The Chinese idiom 重蹈覆辙 (chong2 dao3 fu4 zhe2) advises us (especially if we are young) to be careful to draw lessons from the failure of others in the past and avoid repeating the same mistakes today. It is based on a story about a group of eunuchs during the Eastern Han Dynasty (AD 25-220).
It was a common occurrence during Chinese history for eunuchs in the imperial court to form groups to manipulate and gain undue influence over a ruler. In the court of Emperor Han, the eunuchs were particularly powerful and their actions led to hundreds of officials and ordinary people being imprisoned on the basis of trumped up charges. On hearing this news, the father of the Empress petitioned the Emperor to release those imprisoned. He publicly denounced the eunuchs behaviour and referred to previous occasions wher failure to oppose the eunuchs had led to grievous wrongs to innocent people. He warned the Emperor that failure to learn from these past experiences was likely to result in him following the track of the overturned cart. The Emperor was convinced and released all the prisoners and imprisoned the eunuchs.

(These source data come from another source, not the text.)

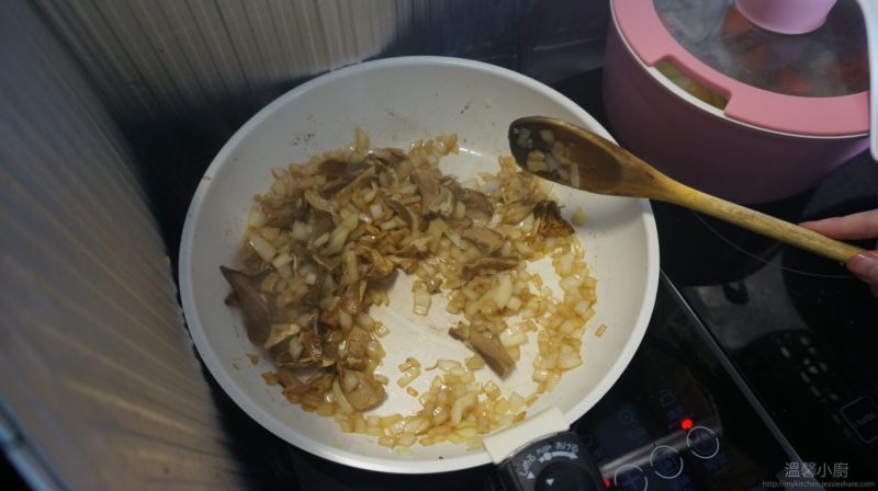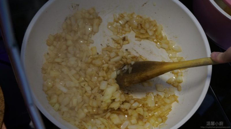 3. 在同一個鍋,加入橄欖油,加入洋蔥炒至軟身
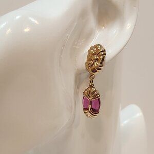 Vintage Swarovski Goldtone Purple Crystal Drop Pierced Earrings
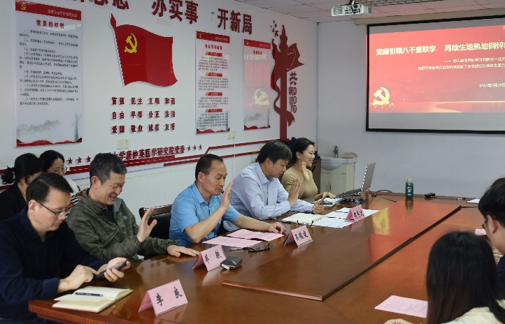 王文洁代表唐仲英一支部做“打造高校科研机构双循环系统党支部”工作法汇报交流。立足血液学科特色和高校科研机构实际,在实践中创新运用“双循环系统”特色工作法:不忘初心、始终以祖国的需要为指向激发原动力,以老一辈血液学家“烛缸精神”为指引;练好功夫、实干担当,提质“体循环”以凝聚向心力;辐射引领、凝聚青年,增效“肺循环”以确保续航力。坚持与时俱进,创建并擦亮“格桑花红”工作品牌,催生战斗力。结合具体工作,支部凝练概括组织生活“八段锦”,包括心法三式、基本功三式以及与时俱进两式,形成“严肃、活泼、团结、紧张”的局面。在随后交流发言中,唐仲英医学研究院第二党支部组织委员杨雪和第三党支部纪检委员霍建一表示在唐仲英一支部示范引领下,将积极探索适合自身的支部工作法,加强组织建设,凝聚党员力量,提高服务社会和人民的能力。
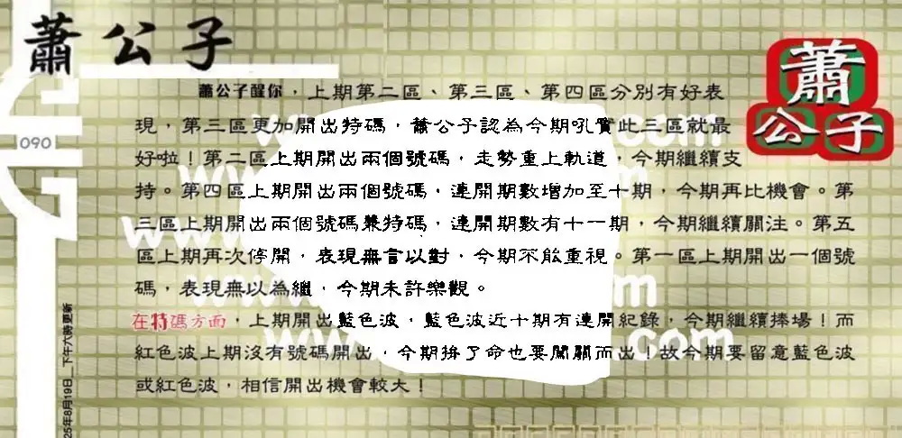 | 主题 :090期:老总论码/萧公子/林大师/五行夺码 |

The English idiom follow the same road to ruin encapsulates a similar moral.
Some say that we actually never learn from the past and are destined to make the same mistakes again and again. In support of this, one may, for example, point to the repeated genocides during the last century (Germany, then Cambodia, then Serbia and so on). However, I am more optimistic and see improvements in the way the global community responds to these scenarios - improvements that explicitly acknowledge the mistakes of the past.